Compliance with Section 16(a) of The 1934 Act

     Section 16(a) of the Securities Exchange Act of 1934 (the "1934
Act") requires the Company's officers and directors, and persons who
own more than ten percent (10%) of the Company's Common Stock, to
("Reporting Persons") file initial reports of beneficial ownership
and changes in beneficial ownership with the Securities and
Exchange Commission ("SEC") and to furnish the Company with
copies of all reports filed.

     Based solely on a review of the forms furnished to the Company,
or written representations from certain reporting persons, the
Company believes that while as of June 16, 2005 all changes in
beneficial ownership have been disclosed to the SEC as required by
Section 16(a) of the 1934 Act, certain Reporting Persons failed to
timely disclose changes in beneficial ownership with the filing SEC.

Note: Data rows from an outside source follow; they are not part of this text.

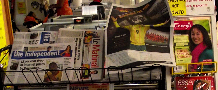 A la une de Lékip, journal sportif mauricien paru ce vendredi, on peut apercevoir une grande photo de Samuel Eto’o le capitaine des Lions indomptables avec les bras au ciel et sous son aisselle une petite photo de l’équipe nationale de l’Ile Maurice baptisée Club M. Le journal fait la part belle à la rencontre qui oppose demain au stade Anjalay de Belle Vue les Lions indomptables à la sélection Mauricienne pour le compte des éliminatoires de la coupe d’Afrique des nations 2012. De l’avis de tous les spécialistes qui ont pris la parole dans les colonnes du journal, les Lions indomptables vont gagner sans avoir besoin de forcer leur talent.
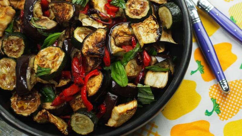 قشري الباذنجان بشكل طولي. وقطعي الكوسة حلقات.
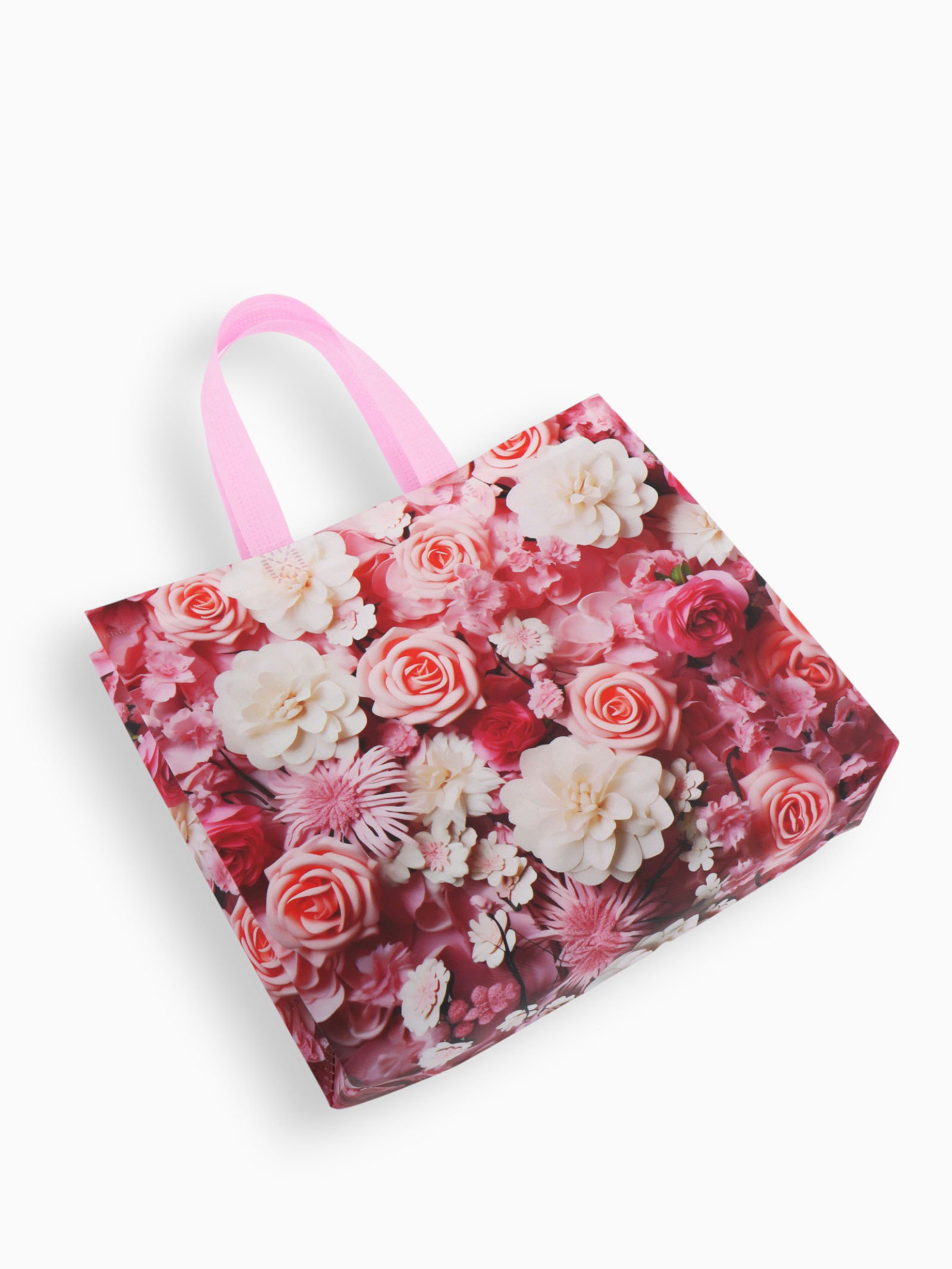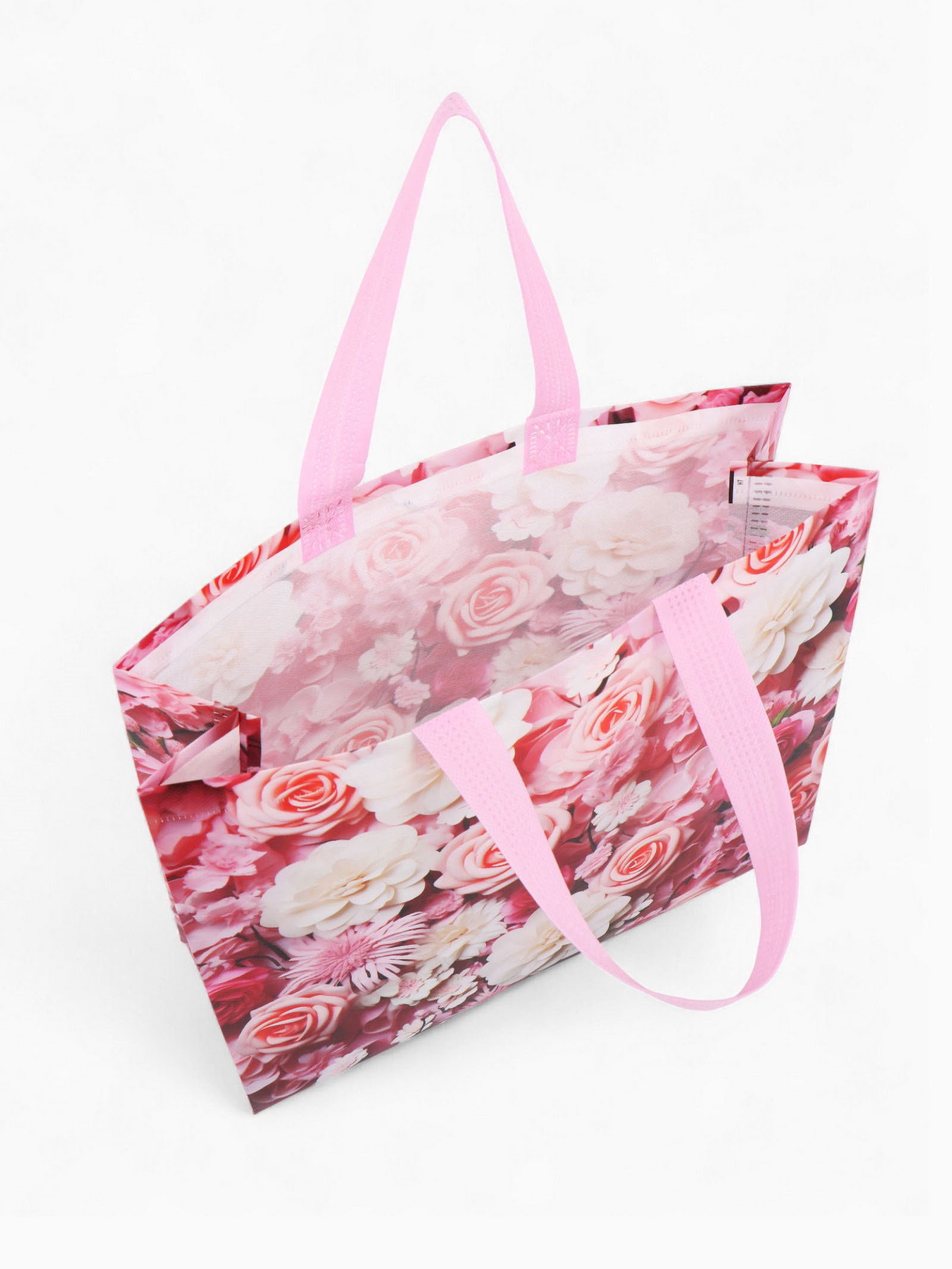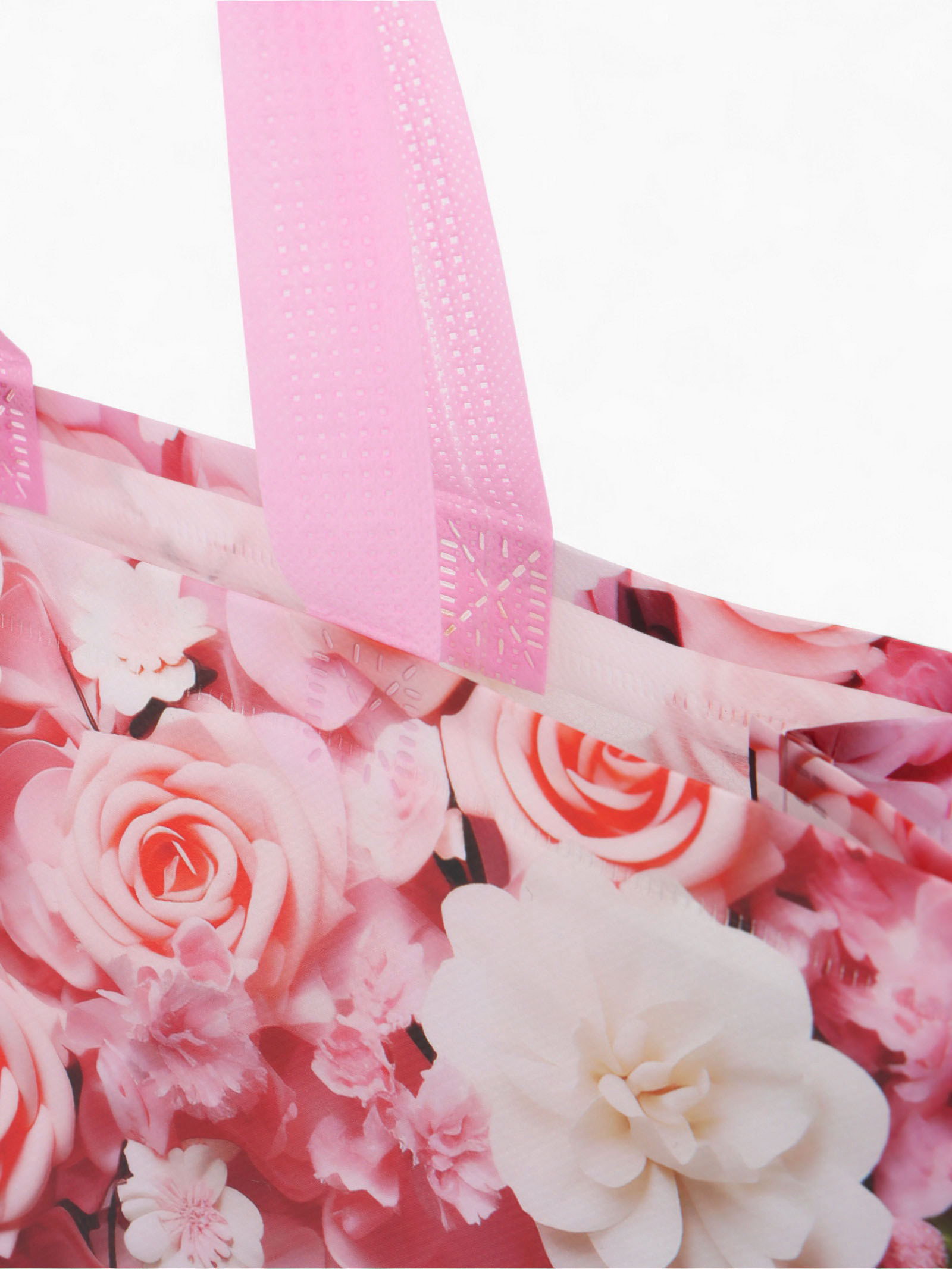 Сумка хозяйственная без застёжки, с цветочным принтом, 32x10x26 см, розовая, 10x32x26 см., Китай

Ellen Walker, Lee Forlenza, Steven Etra, Margaret Chance, Silvia
Mullens, Gary Granoff, Paul Creditor, Allen Kaplan, John Laird,
and Howard Sommer each submitted one (1) late Form 4 to report
one (1) transaction that was not reported on a timely basis. The
Directors and Officers named above unintentionally failed to
disclose their change in beneficial ownership on SEC Form 4
within the required two business days. The above failures
to timely disclose the changes in beneficial ownership
were mistakes made in good faith. The Company however, has timely
disclosed the transactions on all Company filings made pursuant
to the 1934 Act and other federal securities laws.

Changes in Control

     There are no arrangements known to the Company at this time
which may at a subsequent date result in a change of control
of the Company.

<page>

                         PROPOSAL NO. 1
Offering Of Common Stock With Warrants To A Limited Number Of
		       Accredited Investors

      At the meeting, Shareholders will vote on a proposal from the
Board to offer shares of the Company's Common Stock, at a fixed purchase
price of no less than book value as of July 18, 2005 (the "Purchase Price")
to a limited number of "accredited investors," as that term is defined
in Rule 506 of Regulation D promulgated under the Securities Act of
1933, as amended the ("1933 Act"). For every four (4) shares
of Common Stock purchased, the Company will issue to the investor
one (1) warrant (the "Warrants"), exercisable for five (5) years from
the date of issuance, to purchase one (1) share of Common Stock at an
exercise price to be fixed at a specified dollar amount that is no less
than the Purchase Price and no more than 110% of the Purchase Price
(collectively, the "Offering"). The Company proposes to raise aggregate gross
proceeds between a minimum of $3,000,000 (the "Minimum Offering") and up to a
maximum of $10,000,000 (the "Maximum Offering"). If approved by the requisite
number of Shareholders, the Offering will commence on or about July 22, 2005
and expire on or about September 22, 2005, unless extended, in the sole
discretion of the Board, for up to an additional 90 days.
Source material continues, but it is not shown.